This study investigates the potential of impedimetric measurements providing deep muscle information for recognizing 36 American Sign Language (ASL) hand signs. Two measurement methods are considered together for the first time: electrical impedance myography (EIM) and electrical impedance tomography (EIT). EIM was measured along the anterior forearm, while 8-electrode EIT was recorded around the forearm below the elbow. Data were acquired from three volunteers, with each hand sign performed ten times. A correlation analysis was conducted to identify the relevant EIM frequencies to distinguish between hand signs.

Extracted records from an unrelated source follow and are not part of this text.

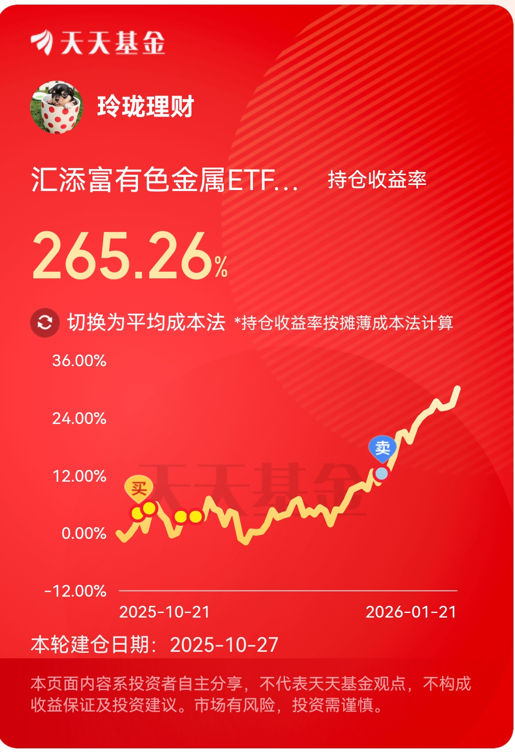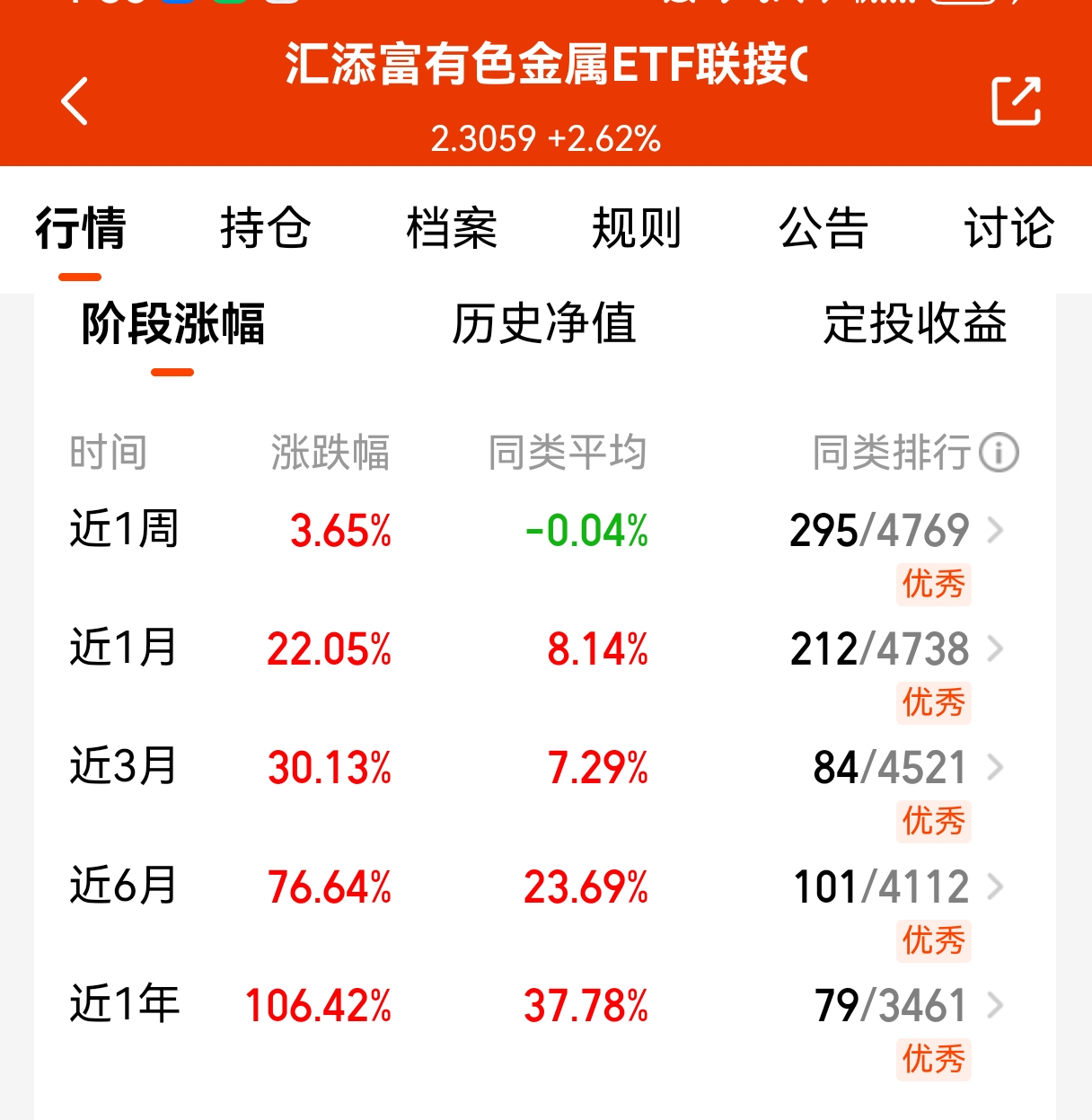 宝子们,今日大盘有所震荡,目前三大股指都绿了这个,有色板块也有所调整,这时候调整其实也是给我们机会,整体来看$汇添富有色金属ETF联接C(OTCFUND|019165)$表现还是很出色的,昨天涨幅2.62%,近一个月涨幅22.05%,近六个月涨幅76.64%,业绩很优秀。这个指数含铜量更高,含铜量30%,黄金含量也比较大,显著高于同类有色指数,全面覆盖工业金属、贵金属、能源金属三大高景气赛道,叠加AI数据中心新增需求,现在白银限购,配置有色是可以的,而且这个C类份额,7天免赎回,操作起来灵活性也很高。
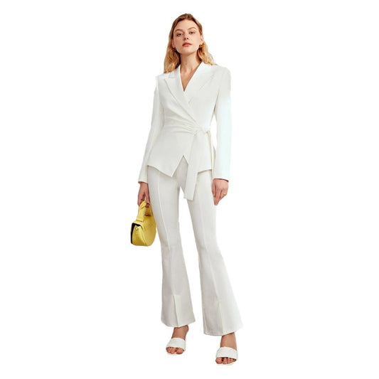 Costume de mère de la mariée blanc pour femme de bureau, ensemble 2 pièces sexy à jambes larges et pantalon avec ceinture, sur mesure
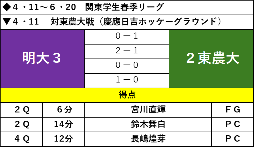 点数が動いた前半に対し、第3Qではお互いに得点チャンスを生かし切ることができず、同点のまま最終Qに突入した。第4Qは開始早々にPCを獲得するも、ここではシュートを入れることができなかった。その後も明大ペースで試合が進むと13分に再びPCを獲得。シュートは東農大のGKのセーブに阻まれてしまうも、PCを連続で得ると長嶋が点を奪い逆転に成功。その後は東農大に反撃を許さず、3-2で試合を終えた。「(東農大は)守ってカウンターから得点を取るチームで、僕らも最初はそれで2点決められたが、そのあとは修正できて、0点に抑えることができた」(小林)。
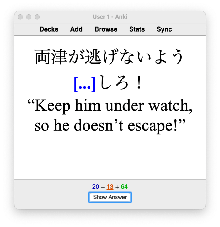 Ultimately, your success in the JLPT lies in two basic skills: reading Japanese, and listening to Japanese conversation. The vocabulary helps to read, but I found that with my Anki flashcards, it tended to focus a lot on recall (e.g. “do you remember how to say a word in Japanese?”), not recognition (e.g. “do I remember what this means when I see it?”). This first one doesn’t help with reading very much, the second one does. Since Japanese uses so much kanji, you’re ability to recognize words smoothly makes the process of reading so much easier. The issue with recall I found was that there were many different, overlapping words for the same thing, and trying to remember which word was which wasn’t worth the effort. I just want to be able to read well. Further, recall didn’t help me know the context words are often used in.
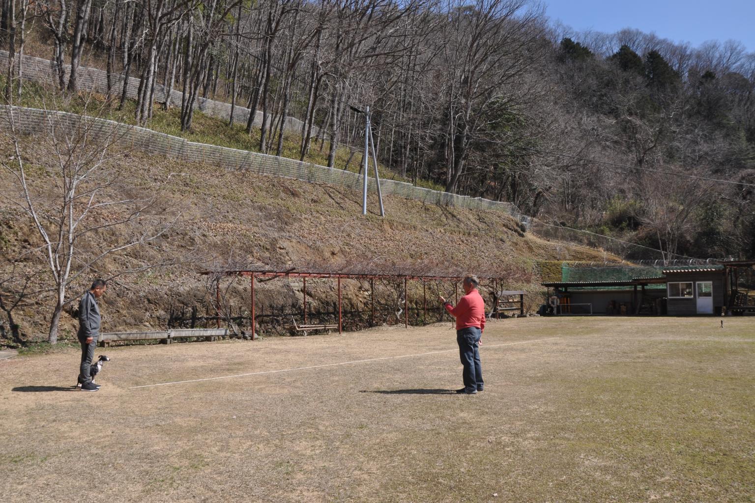 キンデル・パークは静的な公園の機能を併せ持つ自然豊かな季節を感じる、既存樹木の恵みをそのままに人と犬が楽しめる施設です。公認の訓練士が飼い主さんと共に初歩的な躾・訓練を行う日本警察犬協会公認の訓練所、自然の中で私たちの先人が残した棚田(野づら積み)の起伏を利用したドッグランも有ります。 愛犬と共にのんびり散策・とんだりはねたり。 対岸には岡山東部を流れる吉井川水系本流の一級河川が見渡せます。
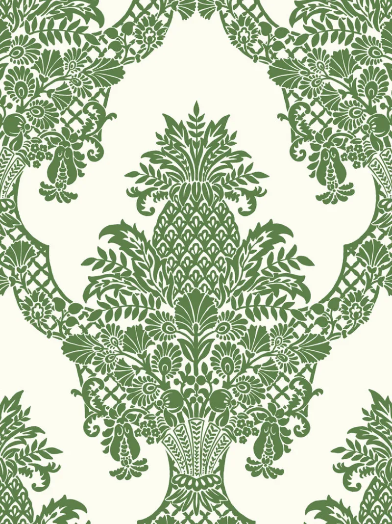 Ultimate symbol of hospitality, the pineapple commands the center of pattern Pineapple Plantation Damask, imbued with all the design elegance associated with extravagance, and luxury.
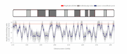 The temporal order of replication of all the segments in the genome, called its replication-timing program, can now be easily measured in two different ways.[1] One way simply measures the amount of the different DNA sequences along the length of the chromosome per cell. Sequences that duplicate first, long before cell division, will be more abundant in each cell than the sequences that replicate last just prior to cell division. The other way is to label newly synthesized DNA with chemically tagged nucleotides that become incorporated into the strands as they are synthesized, and then catch cells at different times during the duplication process and purify the DNA synthesized at each of these times using the chemical tag. In either case, we can measure the amount of the different DNA sequences along the length of the chromosome either directly using a machine that reads how much of each sequence is present or indirectly using a process called microarray hybridization. In any case, the temporal order of replication along the length of each chromosome can be plotted in graphical form to produce a "replication timing profile". Figure 4 shows an example of such a profile across 70,000,000 base pairs of human Chromosome 2.[2]

Among all evaluated algorithms, the random forest classifier achieves the highest classification performance. Classification based on the resistance and reactance at the selected EIM frequencies achieved $61.54~{\pm }~0.85$ %, while classification based on EIT boundary voltages achieved 91.04% ${\pm }~0.46$ %. Combining the results from both classifiers into an EIM-EIT hybrid classifier improved the accuracy to $92.57~{\pm }~0.41$ %, effectively reducing ambiguities between similar hand signs. Achieved results considerably outperform state-of-the-art works, which typically classify fewer hand signs or achieve lower accuracy.
深层肌肉障碍测量的手势识别
本研究探讨了障碍测量为识别36种美国手语(ASL)手势提供深层肌肉信息的潜力。本文首次提出了电阻抗肌图(EIM)和电阻抗断层扫描(EIT)两种测量方法。沿前臂前侧测量EIT,沿肘部以下前臂周围记录8电极EIT。数据来自三名志愿者,每个手势重复10次。进行相关分析,识别相关的EIM频率,以区分手势。在所有被评估的算法中,随机森林分类器的分类性能最高。基于所选EIM频率下电阻和电抗的分类率为61.54~{\pm}~0.85$ %,而基于EIT边界电压的分类率为91.04% ~0.46$ %。将两个分类器的结果结合到EIM-EIT混合分类器中,准确率提高到$92.57~{\pm}~0.41$ %,有效地减少了相似手势之间的歧义。所取得的结果大大优于最先进的作品,后者通常分类较少的手势或达到较低的准确性。
本文章由计算机程序翻译,如有差异,请以英文原文为准。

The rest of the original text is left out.